#### Prompt:
Nothing outside the stretch is wanted. Repeat exactly the lines of the listing below from the one that contains "Pointes de flèche" through the one that contains "Женская атласная шаль", both ends included.

#### Data records:
<<<<
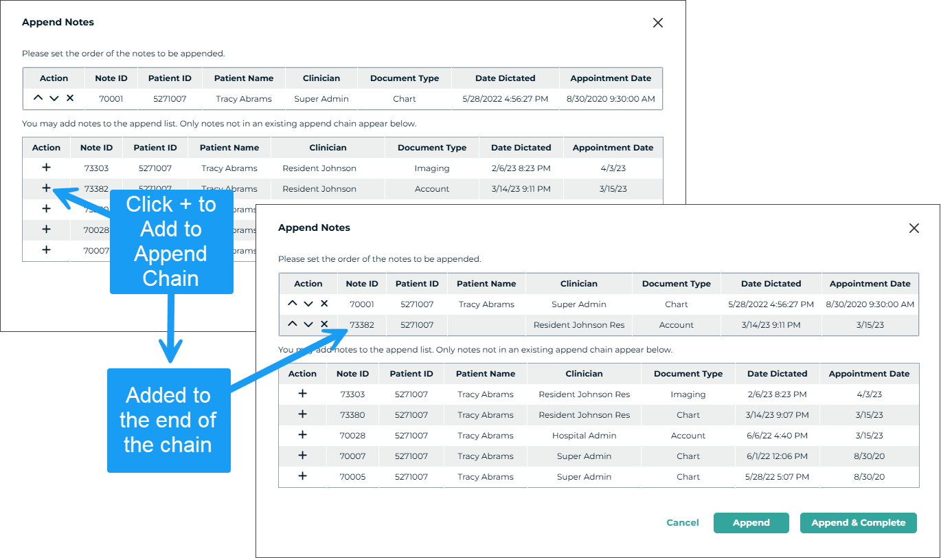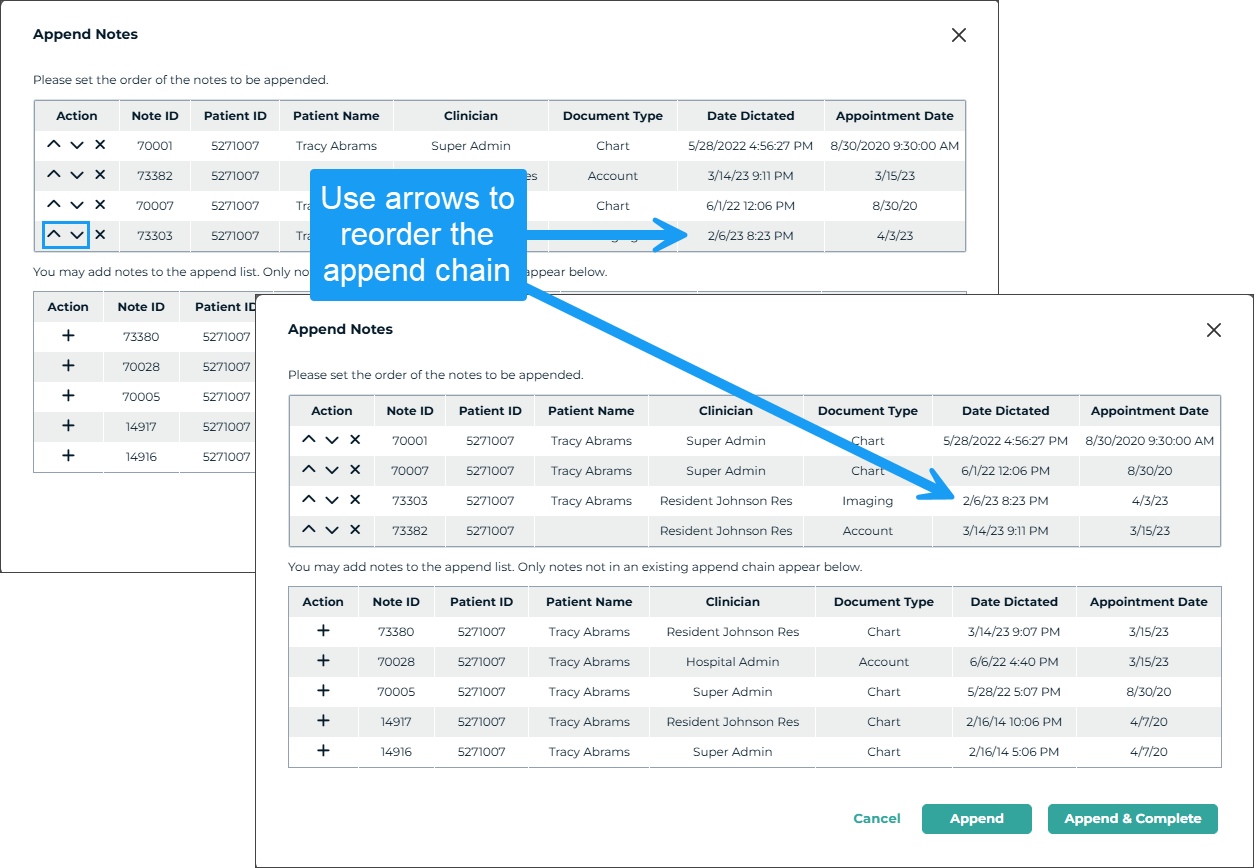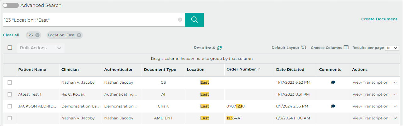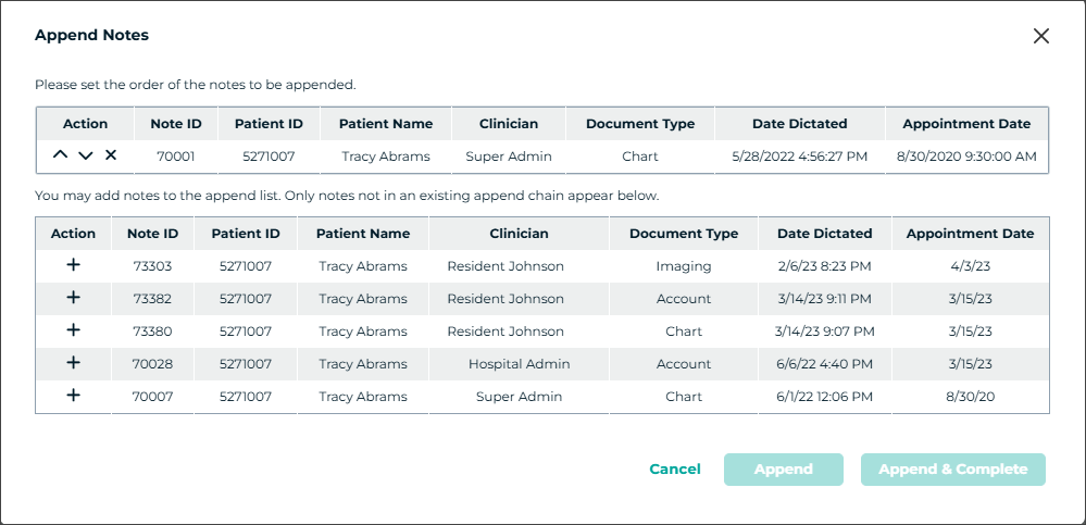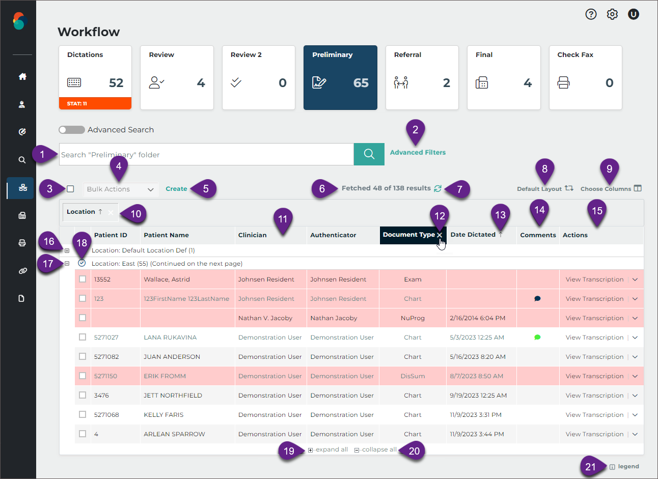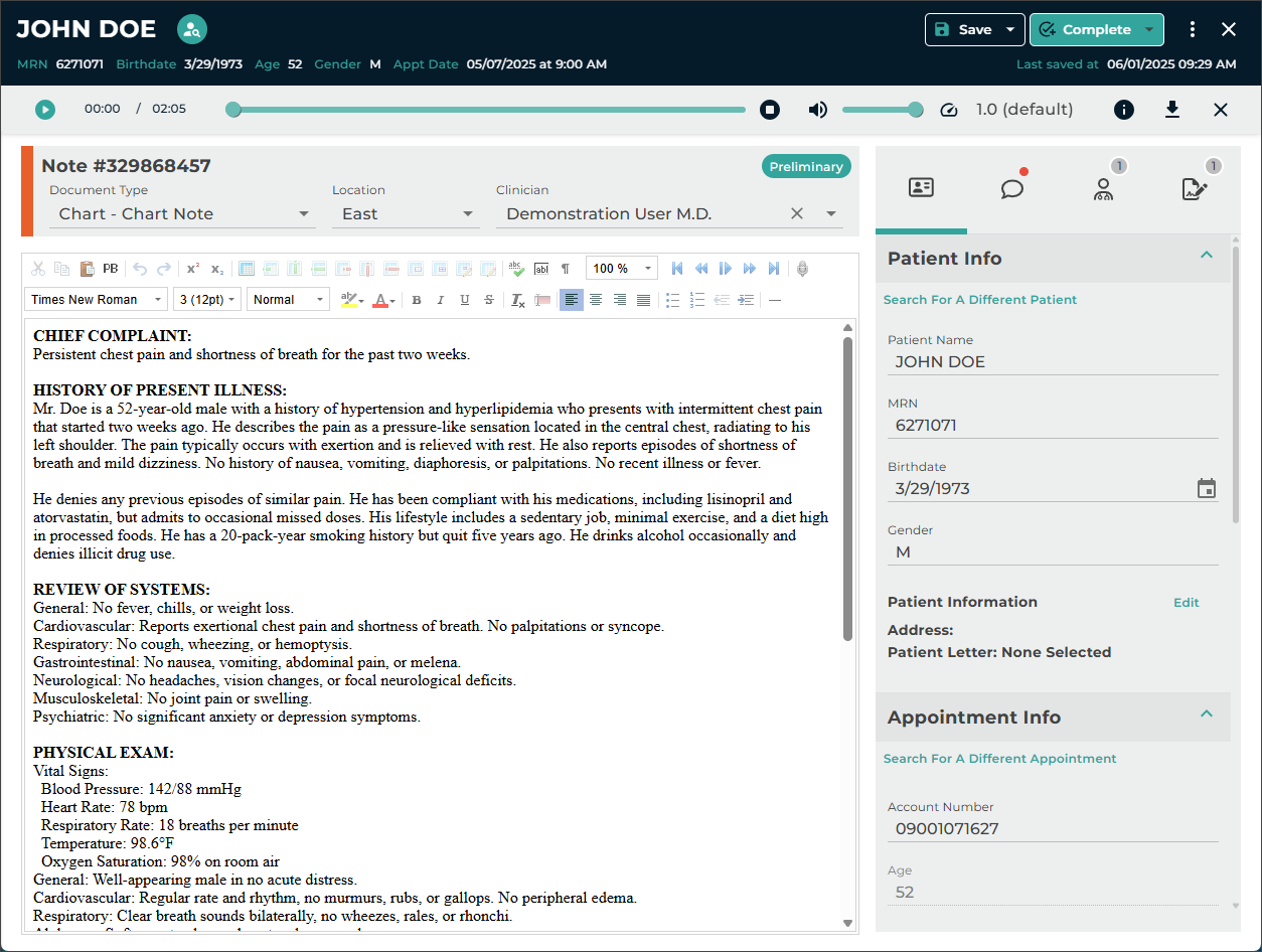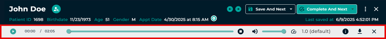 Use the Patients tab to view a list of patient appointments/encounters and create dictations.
>>>>
<<<<
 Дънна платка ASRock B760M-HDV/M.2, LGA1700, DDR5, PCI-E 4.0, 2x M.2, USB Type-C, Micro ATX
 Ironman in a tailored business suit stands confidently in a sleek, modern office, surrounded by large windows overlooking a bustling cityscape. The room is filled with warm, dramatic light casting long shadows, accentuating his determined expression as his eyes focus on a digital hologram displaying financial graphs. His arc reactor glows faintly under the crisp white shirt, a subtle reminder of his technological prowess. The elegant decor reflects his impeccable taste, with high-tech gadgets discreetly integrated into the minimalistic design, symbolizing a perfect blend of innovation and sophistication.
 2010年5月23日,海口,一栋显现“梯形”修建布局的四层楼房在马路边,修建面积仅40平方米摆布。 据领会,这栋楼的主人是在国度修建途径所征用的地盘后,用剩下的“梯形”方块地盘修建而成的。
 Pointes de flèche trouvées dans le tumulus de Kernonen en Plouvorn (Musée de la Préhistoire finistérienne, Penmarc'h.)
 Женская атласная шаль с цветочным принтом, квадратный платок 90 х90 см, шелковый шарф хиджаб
>>>>
#### Output of the task:
 Pointes de flèche trouvées dans le tumulus de Kernonen en Plouvorn (Musée de la Préhistoire finistérienne, Penmarc'h.)
 Женская атласная шаль с цветочным принтом, квадратный платок 90 х90 см, шелковый шарф хиджаб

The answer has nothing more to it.